Father William Judge

One of the many iconic figures in Dawson City was Father William Judge, the “Saint of Dawson City”. Judge was a fairly prominent secondary character in my first draft. Since he didn’t make it to the final book, I thought he at least deserved some attention in here.

 

Ben’s way of thinking there were three categories of miners. First were the ones with sturdy, well-kept packs and sleds who came all this way because their successful businesses or comfortable lives had bored them to the point that they craved risk. Many of those men had turned back before they could make any kind of fortune. The cold, the endless rock, and the sheer loneliness of it all hadn’t been in their plans.

The second group, the young scrappers, came because they were hungry for adventure and riches, and they were at a place in their lives where they had nothing to lose. They started out with the strength of ten older men, set on making a name for themselves if nothing else, but they soon discovered the Klondike didn’t offer a lot of those.
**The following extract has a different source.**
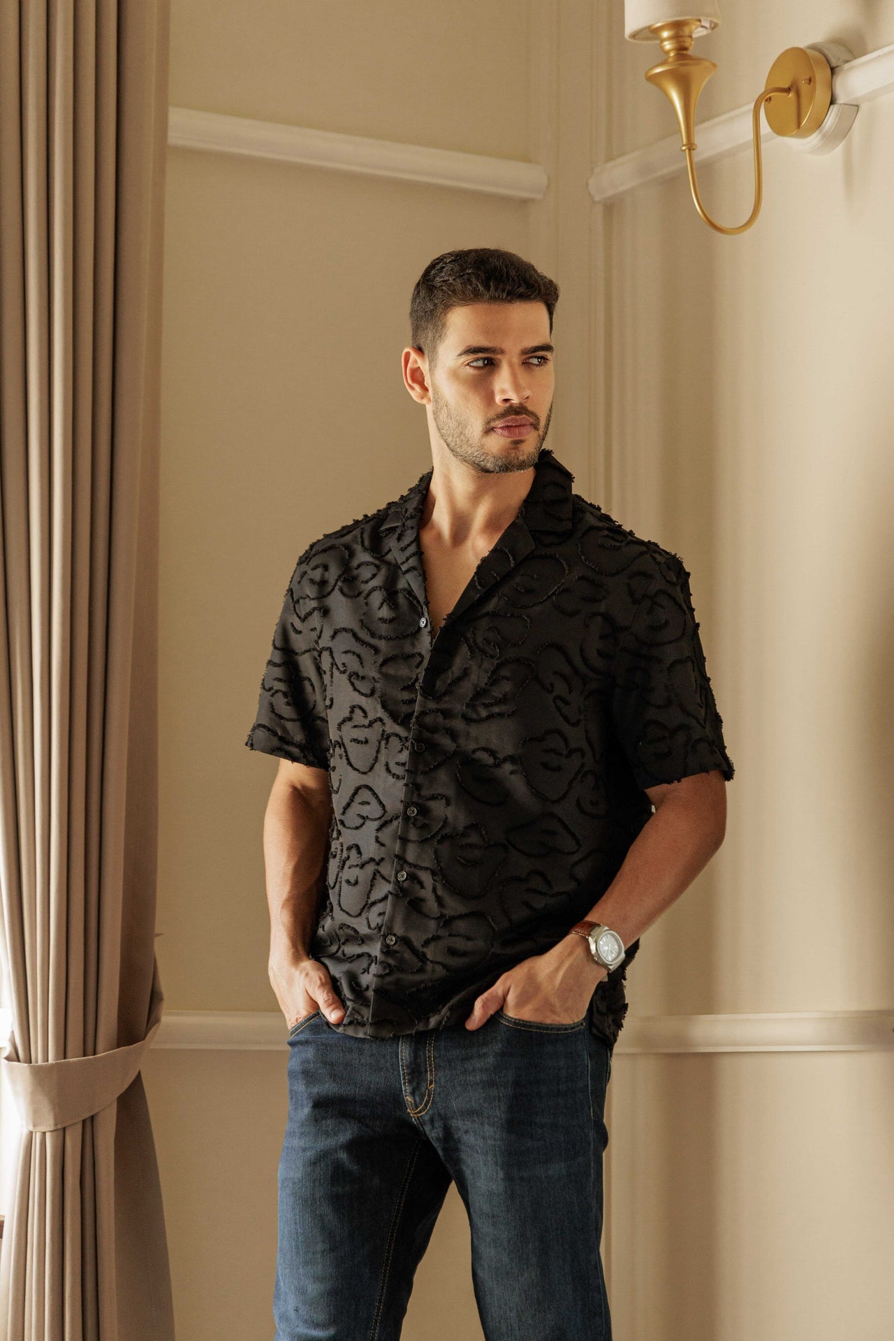 A statement of understated sophistication, this short-sleeve shirt is defined by its intricate textured fabric that blends comfort with a refined visual appeal. The tactile surface adds depth and dimension, offering a subtle pattern that elevates its minimalist design. Tailored with a clean collar, button-down front, and relaxed fit, it’s crafted for effortless versatility — perfect for occasions that call for laid-back polish and modern confidence.

They hung onto their eagerness as long as they could, but if success was elusive, they usually joined the third group of men. Those men drifted like shadows over the trails, laboured ceaselessly in the gold fields’ muck, and existed in near invisibility until they faded away to nothing at all.

Homer Gandy was in the last group. When Ben caught a glimpse of him, squatting over a pan, he stopped on the path, keeping a safe distance. The narrow slits of Homer’s eyes were a deep red, his skin a dirty grey, and despite his youth he was hunched over like an old man.

“Hiya Homer. Sorry to see you looking so under the weather.”

Homer acknowledged the truth with a low groan. “It’s my head. Can’t barely move it hurts so bad. And I’ve had the shits for days. Burns like hell.”

“Where’s Red?”

“Lying down inside, hotter than hell. Hasn’t gotten up for a couple of days now.”

Ben had a bad feeling about that. “We need to get you boys healthy,” he said. “Go see Dr. Riniger today.”

“Can’t leave the mine.”

It was a typical response. Gold fever was a sickness unto itself.

“You got no choice, Homer. Sounds like you two might have typhoid. If you stay out here you’ll die and you’ll get a lot of other folks sick. Can’t let that happen. I’ll send up a wagon for Red in a bit, and you ride down with him. We’ll watch your claim while you’re gone. No need to worry. That sit all right with you?”

The miner hesitated, but Ben thought that was just from the fever messing with his brain. Homer wouldn’t fight him on this.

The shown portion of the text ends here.